In the 3-year controlled ECHODIAH trial including 507 patients suffering from painful OA of the hip, diacerein was compared with placebo. Structural progression was evaluated radiographically, and defined as the time to a 0.5-mm loss of joint space width. Using a life table approach, progression was significantly less frequent, and average time-to-progression significantly longer, in the diacerein group.

Safety

Tolerability assessments revealed a statistically significant inferiority of diacerein versus placebo.
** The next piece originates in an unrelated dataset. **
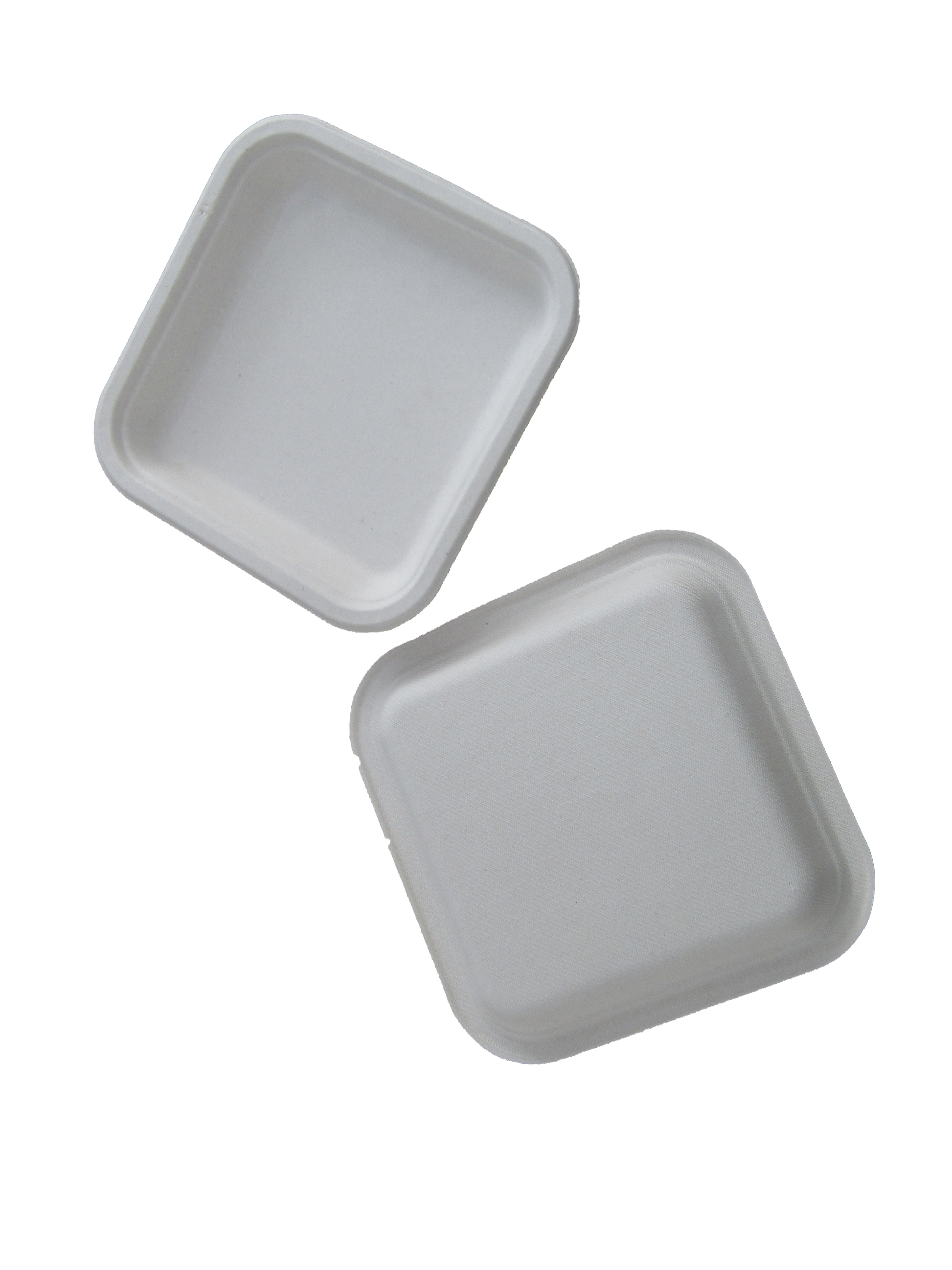 1. Specifications: Material:Bagasse (Sugarcane Pulp), Size: 120ML", Weight: 3.5 grams per plate, Color: Pearl White, Shape: Square, Pack Size: 25 Pieces

Diacerein is an anthraquinonic derivative; therefore, diarrhea was the most frequent adverse event (from 39% to 42% of patients treated by diacerein). The severity of diarrhea was mild to moderate, occurred within the first 2 weeks of the treatment, and resolved on continuing treatment. In most patients, this did not result in treatment interruption. The second most prevalent side effect is discoloration of the urine, which has no clinical consequences but may interfere with the blinding design in clinical trials. Finally, allergic events affecting the skin (pruritus, rash) are not rare.

Symptomatic Efficacy

The symptomatic efficacy of ASU in hip or knee OA has been evaluated in a meta-analysis of RCTs. The average trial duration was 6 months. Both pain reduction and the Lequesne index favored ASU (effect size 0.39; 95% CI, 0.01–0.76; P = 0.04, and 0.45; 95% CI, 0.21–0.70; P = 0.0003, respectively), but results were heterogeneous between trials. The number of responders following ASU compared with placebo (OR, 2.19; P = 0.007) corresponded to a number needed to treat 6 (4–21) patients. Meta-analysis data support better chances of success in patients with knee OA than in those with hip OA.

Structural Efficacy

One randomized, double-blind, placebo-controlled pilot trial failed to demonstrate a structural effect of ASU in 108 patients suffering from hip OA (Kellgren-Lawrence grade 1 to 3). However, in a post hoc analysis, ASU significantly reduced the progression of joint space loss as compared with placebo in the subgroup of patients with advanced joint space narrowing, suggesting that ASU could have a structural effect. Confirmation in a larger placebo-controlled study is required.

Safety

ASU is generally well tolerated. Occasional regurgitations with unpleasant taste can be avoided by taking the pill in the middle of a meal. Allergic reactions are rare. Hepatic disorders can occur but remain exceptional.